メンバーたちも自分の個室へ戻り、それぞれお気に入りの家具に囲まれながら、思い思いにリラックスしてくつろいでいるようだ。


自分も新しく届いたばかりの新品のベッドがある自室へと戻り、必要な家具が一通り綺麗に揃った室内を静かに見渡してみた。


――綺麗で、清潔で、本当に文句をつけるところなんて何一つない、素晴らしい快適な部屋だ。

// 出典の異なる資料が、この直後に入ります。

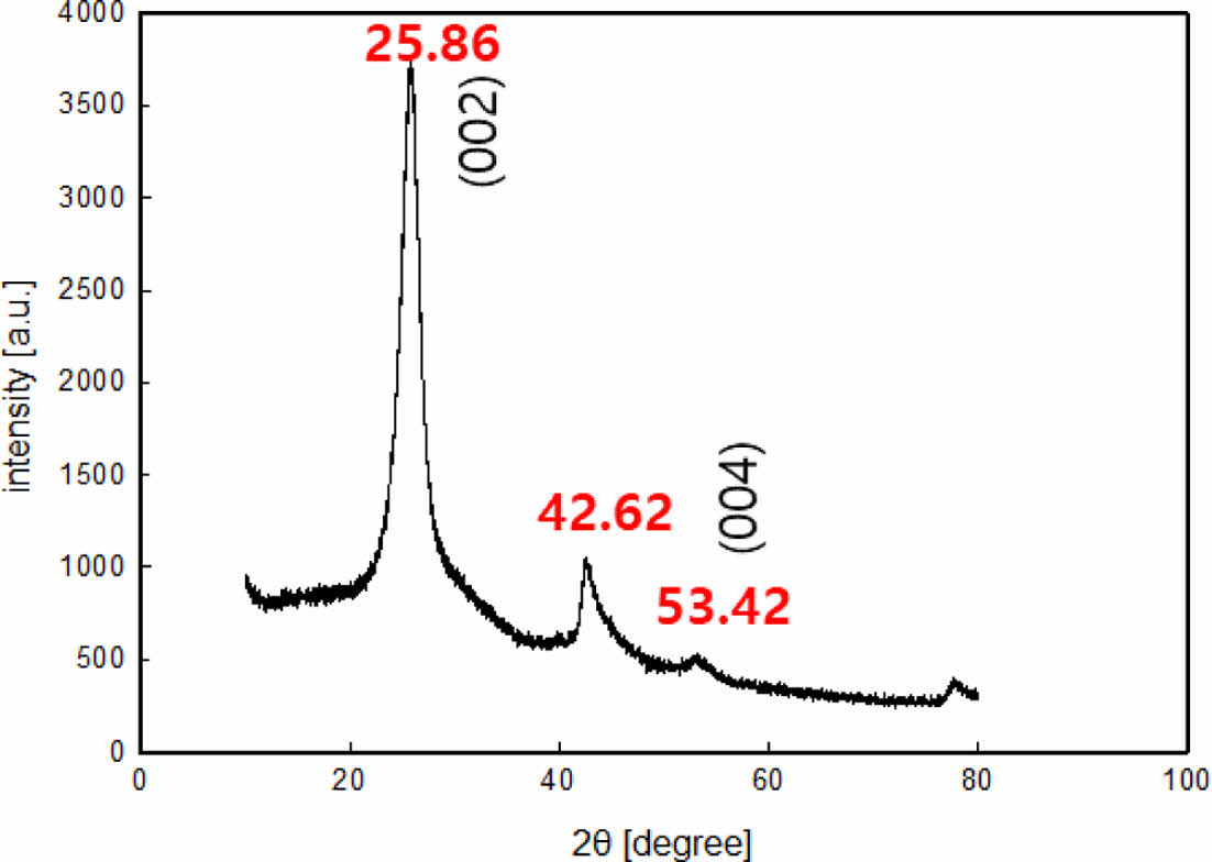 각 재료의 결정성 분석을 진행하기 위해 X-ray 회절 분석을 진행하였고 GNP의 XRD 결과를 Fig. 7에서 보여준다. 2θ=25. 86°, 42.62°, 53.42°에서 각 peak를 관찰할 수 있었는데 (002) 평면에 해당하는 25. 86°에서 넓은 회절을 나타내는 peak가 지배적인 것을 볼 수 있다. 또한 2θ가 약 26°의 peak 치는 Bragg’s law에 의해 층간 거리라 약 0.336 nm라는 것을 보여준다[20].

――けれど、前世の現代日本での記憶が頭に残っている自分にとっては、どうしても、どうしようもない『物足りなさ』が胸の中で否めなかった。


前世のあの頃にあれほど部屋に溢れていた、テレビも、インターネットも、スマートフォンも、お気に入りのゲームも、この世界には何一つとして存在しない。


自分の部屋にいながら、指先一つで世界中の様々なエンターテインメントにいつでも瞬時に繋がれた、あの輝かしい前世の日常と比べてしまうと――この異世界の夜はあまりにも娯楽が少なく、あまりにも暗くて、静かすぎた。


ふと胸の奥を静かに通り過ぎていく、懐かしさと、言葉にできない少しだけの切ない寂しさ。


魂に刻まれた前世の郷愁に、そんな複雑な寂しさを感じながら――自分は疲れ切った身体を、新調したばかりの柔らかいベッドの上へとバタンと倒れ込ませるのだった。